When thoughts emerge
in the ocean of meditation,
waves or wave-particles (wavicles) arise,
space and time, entities and events.

This process we call The Creation, The Origin,
The Big Bang. The non-dual has split
into the dual, the One into the Many,
the Tao into the Ten Thousand Things.

You do not need a Large Hadron Collider
or space probes to explore the Big Bang.
You simply need to meditate
and watch the process. As within,
so without, inner space is outer space.

The emerging wavicles are born
with internal ‘laws’, ‘principles’,
‘logics’, ‘numbers’ that guide
their self-organisation in space
and evolution in time
into ever greater complexity, diversity,
into ever more extensive clusters
and webs of super-organisms.

The universe, the human body and brain
in all their glory, emerge, the number
of neurons equalling the number of stars.
There is no separation.

And all this manifest glory, this infinite web
of interdependent beings, stars and neurons,
revolves in deep meditation like a wheel
around a central hub of nothingness,
emptiness, the non-dual, nirvana
or enlightenment.

And we are the wheel,
we are the hub.

~ by Peter Lach-Newinsky on October 14, 2015.

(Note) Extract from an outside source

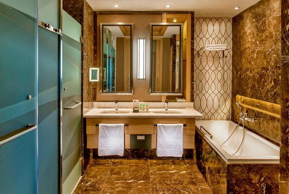 В стаите: Климатик, телевизор, телефон, мини-бар (безалкохолни напитки и бира – зареждане всеки ден, безплатно), сейф електрическа кана, набор за приготвяне на чай/кафе, ютия и дъска за гладене, вана и душ, сешоар, плажна чанта, чехли, 5 вида възглавница, балкон /тераса, почистване на стаята – всеки ден, смяна на спалното бельо – всеки ден, смяна на кърпите – всеки ден, интернет, room service: денонощно (платено)

2 Responses to “The Joy of Nothingness”

  1. lovely peter…we humans sure have managed to distance ourselves from the idea of interconnectedness…your bisected sky is a perfect metaphor…

    • Thanks Kristi, hope you’re well and still merrily seeding those kids’ minds in Florida…Beautiful spring here, tho el ninjo starting to kick in…Considering experimenting with a new, more natural type of beehive (Warre) at the moment…Interesting.